All of the data should be given again word for word, though the images are to be left out.
(EXERCISE DATA Opens)
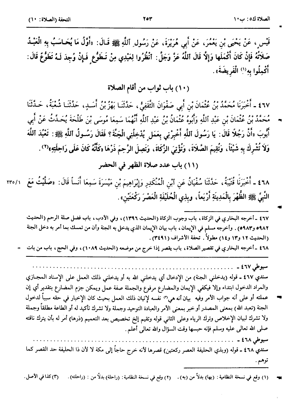 بَاب عَدَدِ صَلَاةِ الظُّهْرِ فِي الْحَضَرِ 468 - أَخْبَرَنَا قُتَيْبَةُ قَالَ حَدَّثَنَا سُفْيَانُ عَنْ ابْنِ الْمُنْكَدِرِ وَإِبْرَاهِيمَ بْنِ مَيْسَرَةَ سَمِعَا أَنَسًا قَالَ صَلَّيْتُ مَعَ النَّبِيِّ صَلَّى اللَّهُ عَلَيْهِ وَسَلَّمَ الظُّهْرَ بِالْمَدِينَةِ أَرْبَعًا وَبِذِي الْحُلَيْفَةِ الْعَصْرَ رَكْعَتَيْنِ
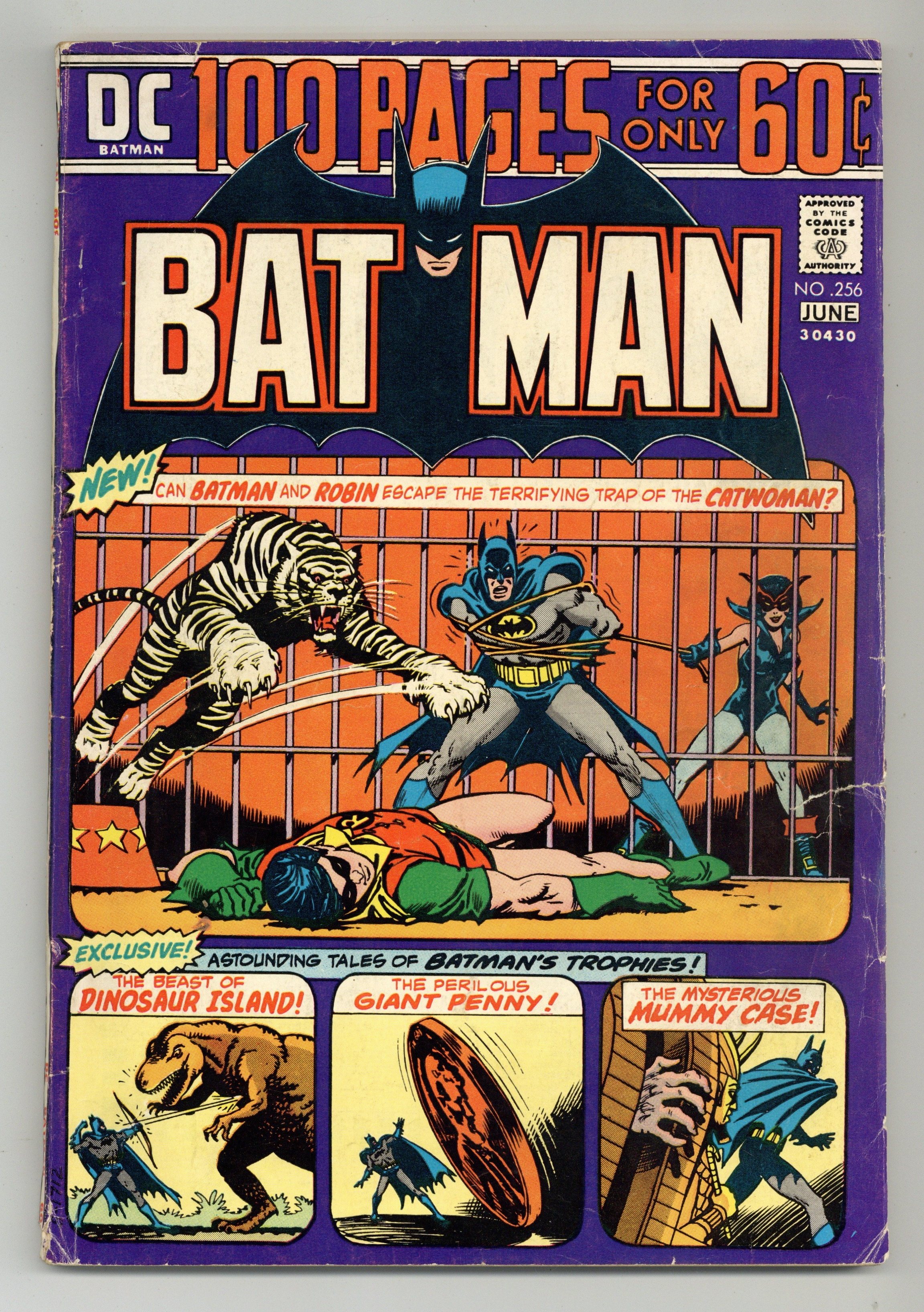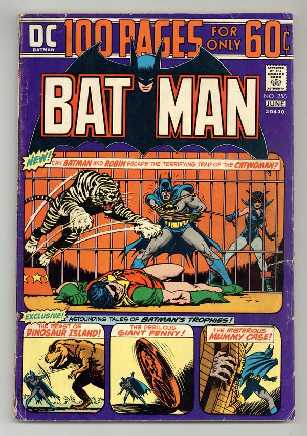100-page giant. Cover by Nick Cardy. Ever wonder where Batman got those wonderful trophies for the Bat-Cave from? Well, this exciting issue answers that questions and tells the tales of Batman's trophies. "Catwoman's Circus Caper!", script by Denny O'Neil, pencils by Irv Novick, inks by Dick Giordano; When Bruce discovers that Dick has left Hudson University to investigate some mystery at the Tip-Top Circus, Batman decides to join the Teen Wonder to investigate a murder at the circus. "Dinosaur Island!", script by Bill Finger, pencils by Paul Cooper (as Bob Kane), inks by Ray Burnley; Batman and Robin are challenged to a game of "Touch Hunt" on famed Dinosaur Island in return for a gift to charity in the amount of $5000...if they win the game. "The Penny Plunderers!", script by Bill Finger, pencils by Bob Kane, inks by Ray Burnley; Throughout his life, Joe Coyne felt threatened, done in by pennies and coppers, so he decides to use the "copper penny" as a trademark of his crimes. "Brothers in Crime!", script by Don Cameron, pencils by Jerry Robinson, inks by Jerry Robinson and George Roussos (backgrounds); While visiting their trophy room, the Caped Crusaders come across a bullet-proof vest, a keepsake from a case involving the Rafferty Brothers, who unwittingly implicated their brother Peter in a murder. "The Thousand and One Trophies of Batman!", script by Edmond Hamilton, pencils by Bob Kane, inks by Charles Paris; As they add trophy 1000 to the Bat-Cave's collection, the Caped Crusaders decide to check over the other trophies to make sure they are in good shape; The evil Dr. Doom is hiding inside and plans to rig some of the trophies in the Bat-Cave to kill the Dynamic Duo. "The Secret of Batman Island!" script by Bill Finger, pencils by Sheldon Moldoff (as Bob Kane), inks by Charles Paris; The founder/owner of Batman Island is followed home by criminals seeking films the man has been shooting that could finger them for a crime they committed. The Catwoman! character profile. 100 Pages, Full Color. Cover price $0.60.
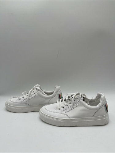 Karl Lagerfeld Paris Calico Patch Embroidered Mismatched Sneakers White 7M/37.5 - Very Good
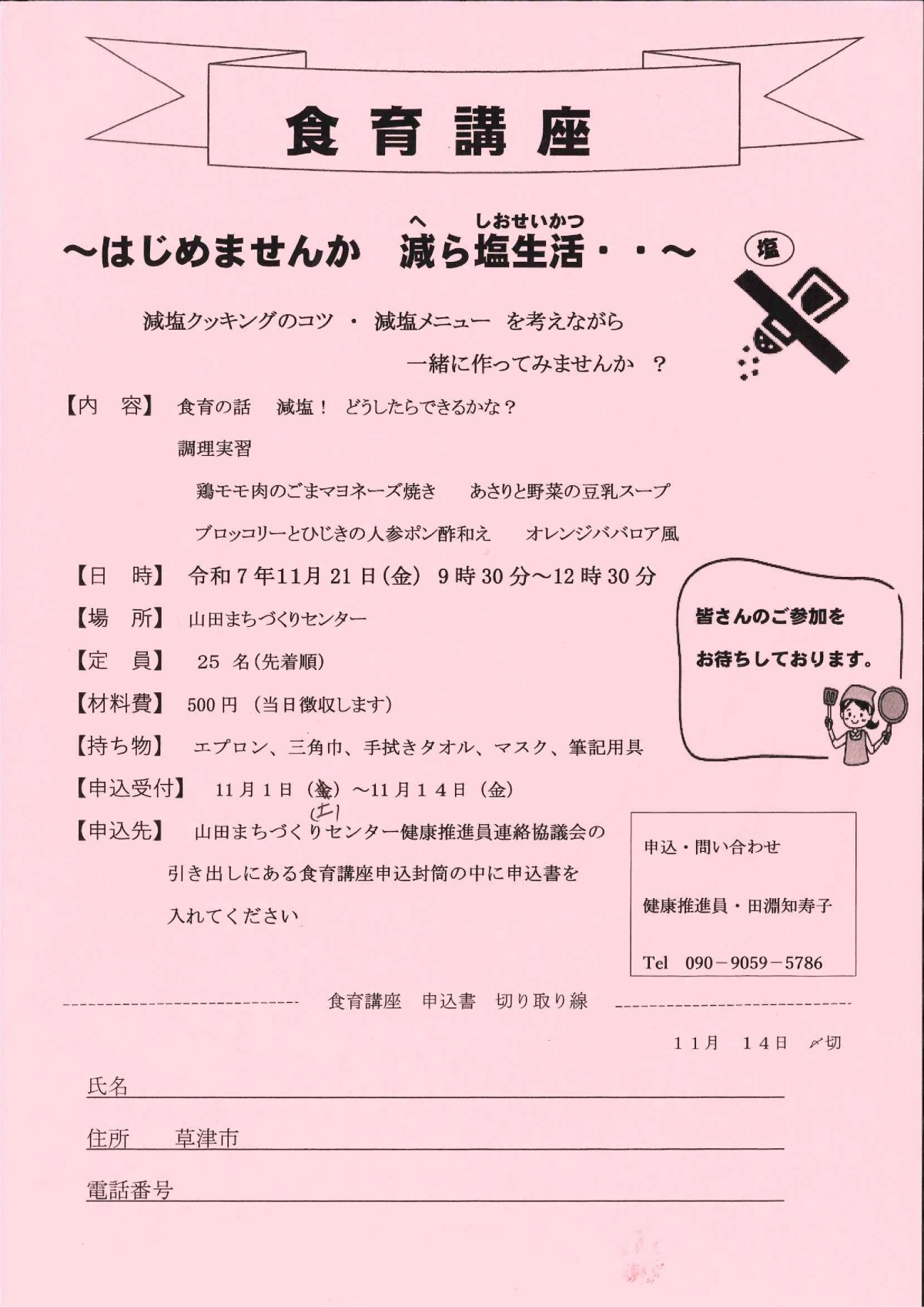 【申込先】山田まちづくりセンター健康推進員連絡協議会の引き出しにある食育講座申込封筒の中に申込書を入れてください
(EXERCISE DATA Closes)
ANSWER SPACE:
 بَاب عَدَدِ صَلَاةِ الظُّهْرِ فِي الْحَضَرِ 468 - أَخْبَرَنَا قُتَيْبَةُ قَالَ حَدَّثَنَا سُفْيَانُ عَنْ ابْنِ الْمُنْكَدِرِ وَإِبْرَاهِيمَ بْنِ مَيْسَرَةَ سَمِعَا أَنَسًا قَالَ صَلَّيْتُ مَعَ النَّبِيِّ صَلَّى اللَّهُ عَلَيْهِ وَسَلَّمَ الظُّهْرَ بِالْمَدِينَةِ أَرْبَعًا وَبِذِي الْحُلَيْفَةِ الْعَصْرَ رَكْعَتَيْنِ
100-page giant. Cover by Nick Cardy. Ever wonder where Batman got those wonderful trophies for the Bat-Cave from? Well, this exciting issue answers that questions and tells the tales of Batman's trophies. "Catwoman's Circus Caper!", script by Denny O'Neil, pencils by Irv Novick, inks by Dick Giordano; When Bruce discovers that Dick has left Hudson University to investigate some mystery at the Tip-Top Circus, Batman decides to join the Teen Wonder to investigate a murder at the circus. "Dinosaur Island!", script by Bill Finger, pencils by Paul Cooper (as Bob Kane), inks by Ray Burnley; Batman and Robin are challenged to a game of "Touch Hunt" on famed Dinosaur Island in return for a gift to charity in the amount of $5000...if they win the game. "The Penny Plunderers!", script by Bill Finger, pencils by Bob Kane, inks by Ray Burnley; Throughout his life, Joe Coyne felt threatened, done in by pennies and coppers, so he decides to use the "copper penny" as a trademark of his crimes. "Brothers in Crime!", script by Don Cameron, pencils by Jerry Robinson, inks by Jerry Robinson and George Roussos (backgrounds); While visiting their trophy room, the Caped Crusaders come across a bullet-proof vest, a keepsake from a case involving the Rafferty Brothers, who unwittingly implicated their brother Peter in a murder. "The Thousand and One Trophies of Batman!", script by Edmond Hamilton, pencils by Bob Kane, inks by Charles Paris; As they add trophy 1000 to the Bat-Cave's collection, the Caped Crusaders decide to check over the other trophies to make sure they are in good shape; The evil Dr. Doom is hiding inside and plans to rig some of the trophies in the Bat-Cave to kill the Dynamic Duo. "The Secret of Batman Island!" script by Bill Finger, pencils by Sheldon Moldoff (as Bob Kane), inks by Charles Paris; The founder/owner of Batman Island is followed home by criminals seeking films the man has been shooting that could finger them for a crime they committed. The Catwoman! character profile. 100 Pages, Full Color. Cover price $0.60.
 Karl Lagerfeld Paris Calico Patch Embroidered Mismatched Sneakers White 7M/37.5 - Very Good
 【申込先】山田まちづくりセンター健康推進員連絡協議会の引き出しにある食育講座申込封筒の中に申込書を入れてください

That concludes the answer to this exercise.